Story: Brian Marucca
Art: Jim Rugg
Adhouse Books, $14.95
Marucca and Rugg, who caused quite a stir back in the early-mid Aughts with their cult favorite Street Angel, are back with a…well, it’s not exactly a homage, or a tribute, or even a satire of 1970’s vintage Blaxploitation movies and comics…it kinda defies categorization, actually. And if this semi-surreal account of a smooth-lovin’, jive-talkin’, smackdown-bringin bad mother shut-your-mouth who faces weird menaces and always comes out on top (and is absolutely irresistible to the foxy mamas, too) comes across as a blend of Shaft, Superfly, Luke Cage, Herbie Popnecker, and the Flaming Carrot, well, let’s just say that there’s very little that’s new under the sun and enjoy this, which collects the Afrodisiac stories that have appeared in such places as Project: Superior, Street Angel itself, and others, very cleverly illustrated by artistic chameleon Rugg (he channels everyone from Kirby to Dan (Archie) DeCarlo), and scripted with tongue firmly in cheek by Marucca.
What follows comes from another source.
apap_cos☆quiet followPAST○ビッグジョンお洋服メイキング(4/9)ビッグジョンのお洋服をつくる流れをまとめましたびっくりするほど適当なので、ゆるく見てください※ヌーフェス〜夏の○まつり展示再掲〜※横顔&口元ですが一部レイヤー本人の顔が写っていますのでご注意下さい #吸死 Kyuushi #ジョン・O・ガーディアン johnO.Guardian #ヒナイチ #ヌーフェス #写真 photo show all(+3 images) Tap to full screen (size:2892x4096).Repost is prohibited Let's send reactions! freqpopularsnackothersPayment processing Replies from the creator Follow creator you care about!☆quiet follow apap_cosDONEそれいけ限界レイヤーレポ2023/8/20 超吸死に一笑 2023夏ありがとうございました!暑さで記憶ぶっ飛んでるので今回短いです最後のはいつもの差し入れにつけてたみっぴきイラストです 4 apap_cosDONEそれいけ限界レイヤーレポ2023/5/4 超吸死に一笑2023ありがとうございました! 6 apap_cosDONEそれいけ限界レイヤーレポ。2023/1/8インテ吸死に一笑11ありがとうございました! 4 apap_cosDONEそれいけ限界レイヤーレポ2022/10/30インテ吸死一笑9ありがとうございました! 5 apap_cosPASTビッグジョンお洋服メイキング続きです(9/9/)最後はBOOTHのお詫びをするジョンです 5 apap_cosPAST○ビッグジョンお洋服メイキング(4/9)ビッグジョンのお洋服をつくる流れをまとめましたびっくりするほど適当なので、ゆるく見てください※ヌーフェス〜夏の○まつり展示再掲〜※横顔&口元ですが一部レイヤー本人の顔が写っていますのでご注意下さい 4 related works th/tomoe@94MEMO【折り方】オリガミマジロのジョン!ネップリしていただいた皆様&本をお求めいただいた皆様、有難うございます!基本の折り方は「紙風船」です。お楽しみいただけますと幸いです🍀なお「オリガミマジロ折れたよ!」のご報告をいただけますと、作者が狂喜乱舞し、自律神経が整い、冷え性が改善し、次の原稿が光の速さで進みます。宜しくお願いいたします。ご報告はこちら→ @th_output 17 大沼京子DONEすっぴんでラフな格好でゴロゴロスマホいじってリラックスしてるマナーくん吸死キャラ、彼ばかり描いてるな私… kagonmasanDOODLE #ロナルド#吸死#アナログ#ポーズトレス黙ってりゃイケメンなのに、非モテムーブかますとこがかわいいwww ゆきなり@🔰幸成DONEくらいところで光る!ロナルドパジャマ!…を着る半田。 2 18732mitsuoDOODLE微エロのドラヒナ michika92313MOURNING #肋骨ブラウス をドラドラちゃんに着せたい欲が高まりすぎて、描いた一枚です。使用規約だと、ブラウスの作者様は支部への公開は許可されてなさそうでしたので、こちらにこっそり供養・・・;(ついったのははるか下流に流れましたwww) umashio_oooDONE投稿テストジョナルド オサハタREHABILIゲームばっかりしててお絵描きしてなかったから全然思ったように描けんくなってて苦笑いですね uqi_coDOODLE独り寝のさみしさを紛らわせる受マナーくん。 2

The battles with Hercules and Satan, especially, are a hoot. Recommended. (Reviewed from a supplied PDF)
BATMAN AND ROBIN #7
Script: Grant Morrison
Art: Cameron Stewart
DC Comics, $2.99
For me, Morrison’s been hot and cold writing Batman for the last few years, and quite often the success of his scripts depends on his collaborator. For much of his Batman stint, he had bland Tony Daniel, and it only came to life when J.H. Williams III stepped in for the three part “Black Glove” story, in which Batman and Robin were called to a remote island meeting with other “Batmen of the World” (an early Sixties DC conceit that Morrison revived for his run) that of course wound up as a life-or-death situation. Among these Batmen of the World were Britain’s representatives, the Knight and the Squire. A couple of years later, Morrison’s writing this title, which almost comes across to me ofttimes as Moz trying to write a more genteel version of Frank Miller’s overheated and ludicrous All-Star Batman and Robin…and the “good as his collaborator” rule is in full effect. The first three issues were done with perhaps his most effective collaborator, Frank Quitely; Quitely moved on and was replaced with Philip Tan, who apparently can’t stage an action scene to save his life and whose style can be described as Jim Lee lite. Now Tan has been replaced by Moz’s Seaguy collaborator Cameron Stewart, who is also known for a long, and very good, run on the Catwoman title in the 2000’s. This, the first chapter of a three-part story, has Dick Grayson (who is Batman now in the wake of the events of Grant’s Final Crisis) in Jolly Olde, at first trying to get to the bottom of criminal interest in a mysterious mine with the assistance of Knight and Squire, and eventually (as it turns out) proving to have bigger fish to fry. Morrison (who turns 50 today, by the way, welcome to the club) is clearly in his element here, populating his story with a host of oddball London gangster super-gangsters with oddball names and providing a pleasingly gnarly sequence of events to open the festivities. Stewart is more than up to the task of parsing Grant’s often choppy and staccato style…and he shines throughout, especially in the opening scene, in which Bats and Squire (a character I’ve loved since I first saw her back in JLA Classified #1) race against the clock to defuse bombs, then rendezvous. We even get a surprise appearance by another kinda-popular, but new Bat-character. Exciting stuff, and bodes well for the rest of the arc.